Circa il peggioramento negli ultimi mesi del quadro macroeconomico globale, Padoan è consapevole di come “questo si ripercuote su un’economia aperta come quella italiana”, ventilando revisioni al ribasso sulle previsioni di crescita e inflazione che “meccanicamente avranno effetto sulle grandezze di finanza pubblica. Ma la crescita continua, anzi si rafforza. La finanza pubblica continua nella sua direzione di aggiustamento, con il deficit-Pil che continuerà a calare, mentre il debito dovrebbe andare nella direzione giusta: cioè stabilizzarsi rispetto al prodotto e probabilmente cominciare a diminuire”.

E visto il contesto di coperture finanziarie che serviranno sui diversi obiettivi di politica di bilancio, “pensiamo di riaprire la voluntary disclosure”, rivela il Ministro. “Vogliamo anche aumentare l’efficienza della lotta all’evasione che fino ad ora ha dato comunque risultati più che soddisfacenti”, ha sottolineato Padoan.

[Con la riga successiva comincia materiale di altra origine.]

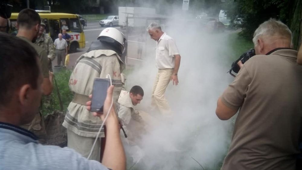 Как видно на видео телеканала ZIK с места событий, мужчина облил себя жидкостью и поджег.
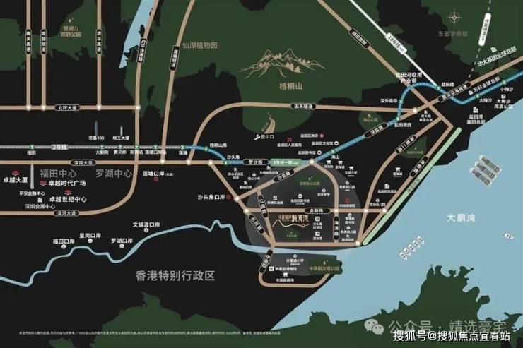 商业配套:一公里范围内中英街、乐活城、壹海城、免税城四大商圈集群,组合为约40万㎡沙头角城市客厅,层层放大商业集群效应。
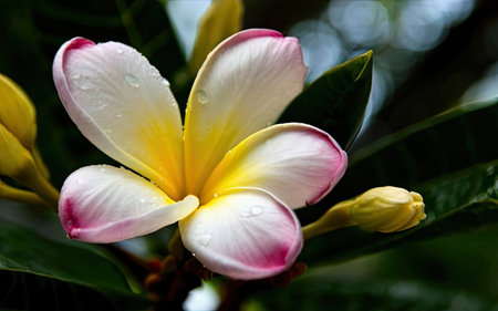 Plumeria flower with water droplets on the petals.
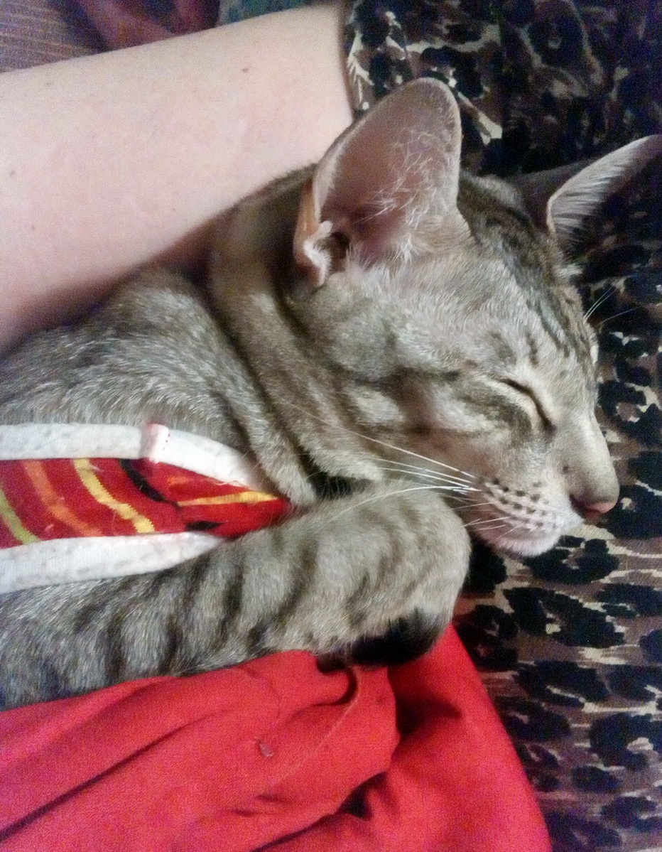 3 хвостик. Кошечка Машенька. Была подобрана в стоге сена в конце октября прошлого года, говорят она там мяукала 3 дня. Неделю шли дожди... и как раз в эту ночь передавали сильные заморозки. мы взяли этот маленький мокрый черненький комочек. Она была совсем крошечной, не умела кушать. была истощена. Мяукать уже не могла. Муж согласился взять ее так как оставить ее там означало убить. Так как пить она не могла я набрала молока в шприц, после первого миллилитра у нее так сильно забурчало в животике. Котеночек не отходил от меня ни на шаг, ее назвали моим хвостиком, даже когда я мыла посуду она вкарабкивалась на меня по одежде и даже 1 раз упала в мыльную воду. На лоток стала ходить раньше чем лакать из миски. Через какое то время я стала замечать у нее гнойные сопельки возле носа и хрипы в легких, мяукать она еще не могла, голоса не было. Понесла к ветеринару, сказали что у нее сильной воспаление легких. и назначили очень много уколов и прочих лекарств, котенку поставили возраст около 4х недель. Я тогда была в отпуске и носила ее каждый день на уколы, судя по ее поведению они были ужасно болючие, так как этот комочек даже рычал. Спала она у меня на плече. Мои кошки ее конечно очень долго не принимали, шипели, рычали, особенно Ксюша, хотя сейчас даже вылизывает ее. она наверно месяцев до 8 спала у меня на голове, а потом нам стало не хватать места на одной подушке и она стала спать между нашими с мужем подушками. изначально мы ее планировали отдать в добрые руки, но я так к ней привязалась, что на звонки отвечала, что котенок уже пристроен. Голос у Маши появился, но немного скриповатый, так смешно когда она со мной разговаривает. Мужу всегда кажется что она говорит мне "мама". Конечно кошечка покастная и егозистая но я ее очень люблю, как доченька она у меня
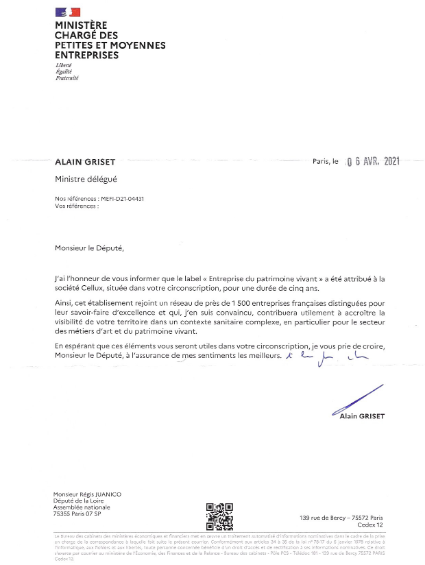 Alain Griset, Ministre délégué auprès du Ministre de l’Économie, des Finances et de la Relance, chargé des Petites et Moyennes Entreprises, vient de m’informer que la société Cellux, implantée à Saint-Genest-Lerpt, vient d’être  labellisée « entreprise du patrimoine vivant » (*), pour une durée de 5 ans.
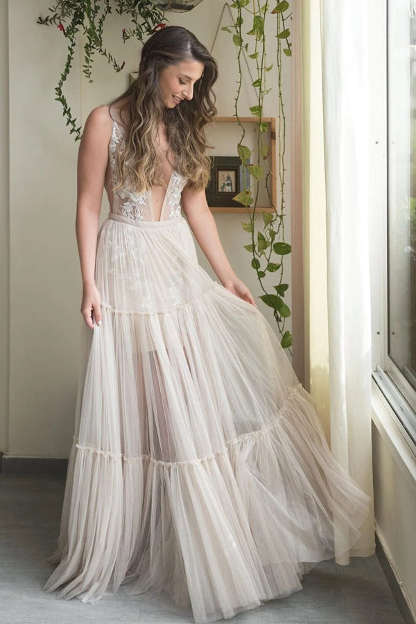 Rustic Long Sleeve Backless Ivory Lace Wedding Dress, WD23022687

Pier Carlo Padoan, riguardo quello che sarà il nuovo Amministratore di MPS, si è detto “fiducioso” sul giudizio positivo dei mercati. E sull’ipotesi che queste novità possano provocare cambiamenti anche alla struttura dell’aumento di capitale da 5 miliardi non si pronuncia, ricordando come “questa sia materia di competenza dei vertici dell’istituto”. “Il piano attuale è considerato efficace”, ha soltanto sottolineato.